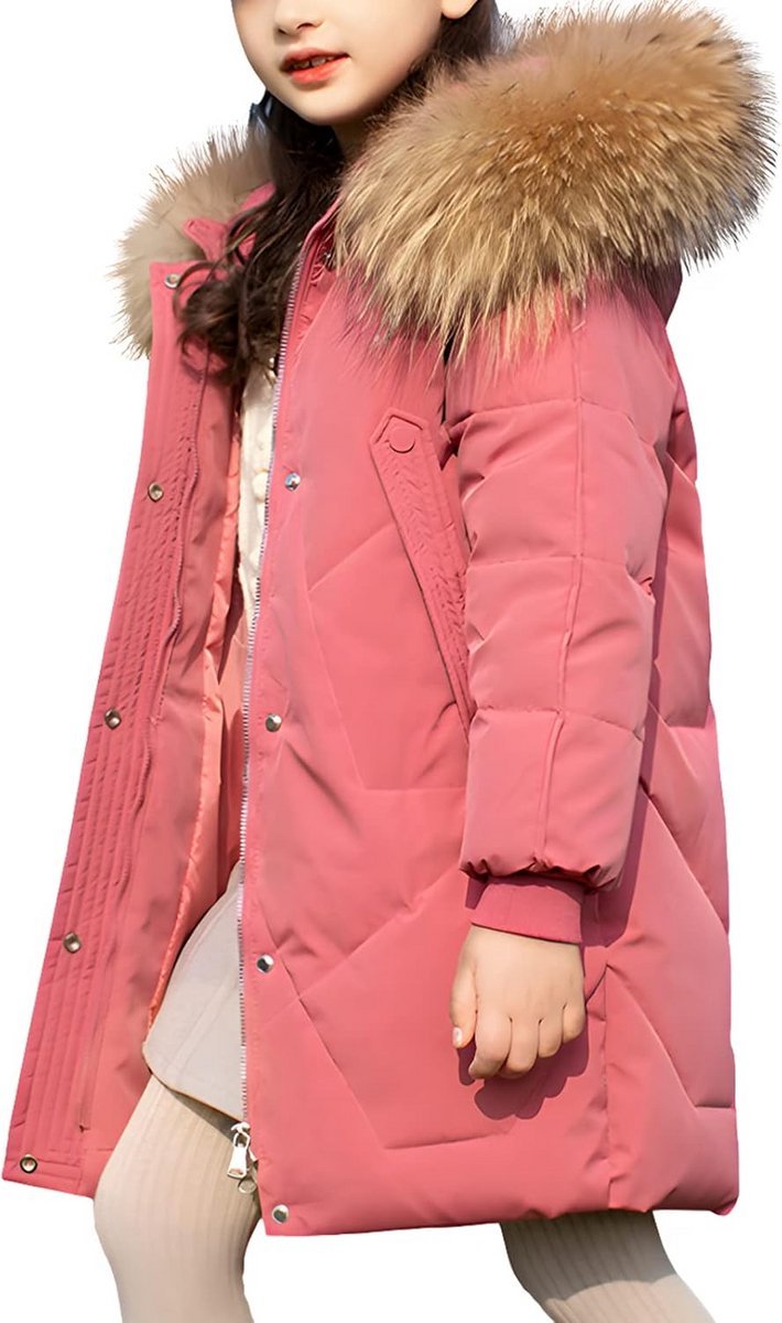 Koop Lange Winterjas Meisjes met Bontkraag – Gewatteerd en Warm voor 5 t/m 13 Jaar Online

---

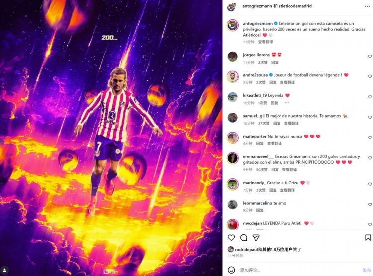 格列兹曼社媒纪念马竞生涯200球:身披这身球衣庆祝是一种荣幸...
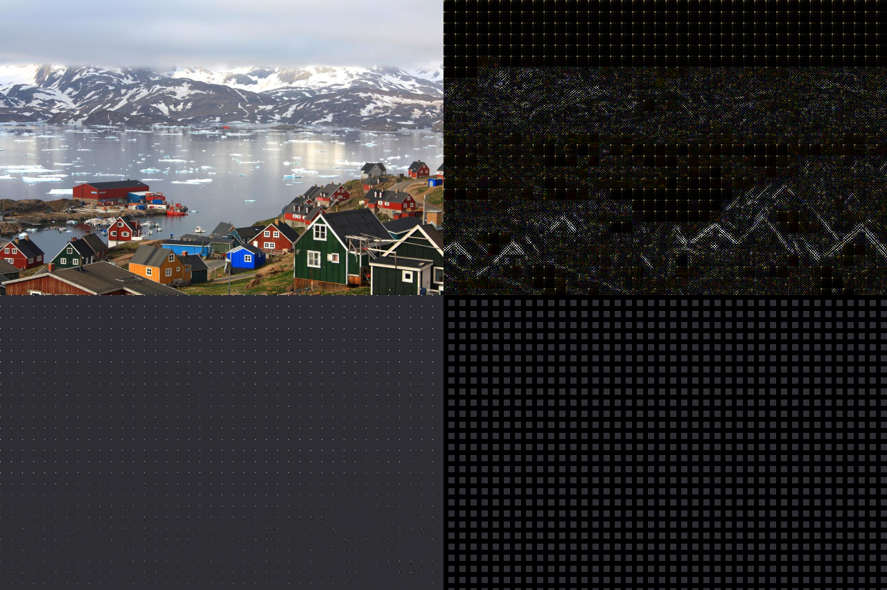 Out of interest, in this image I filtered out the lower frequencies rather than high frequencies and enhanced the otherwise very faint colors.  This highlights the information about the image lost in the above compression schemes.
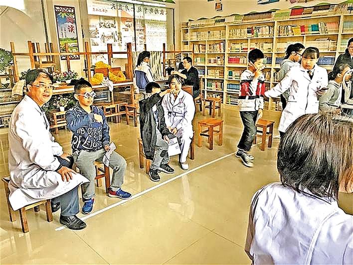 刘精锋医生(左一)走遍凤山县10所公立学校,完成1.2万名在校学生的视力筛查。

WHAT YOU ARE ASKED TO DO: Write out word for word the lines above that run from the one with "格列兹曼社媒纪念马竞生涯200球:身披这身球衣庆祝是一种荣幸..." to the one with "刘精锋医生(左一)走遍凤山县10所公立学校,完成1.2万名在校学生的视力筛查。". Include both end lines; exclude the images.

TASK OUTPUT:
 格列兹曼社媒纪念马竞生涯200球:身披这身球衣庆祝是一种荣幸...
 Out of interest, in this image I filtered out the lower frequencies rather than high frequencies and enhanced the otherwise very faint colors.  This highlights the information about the image lost in the above compression schemes.
 刘精锋医生(左一)走遍凤山县10所公立学校,完成1.2万名在校学生的视力筛查。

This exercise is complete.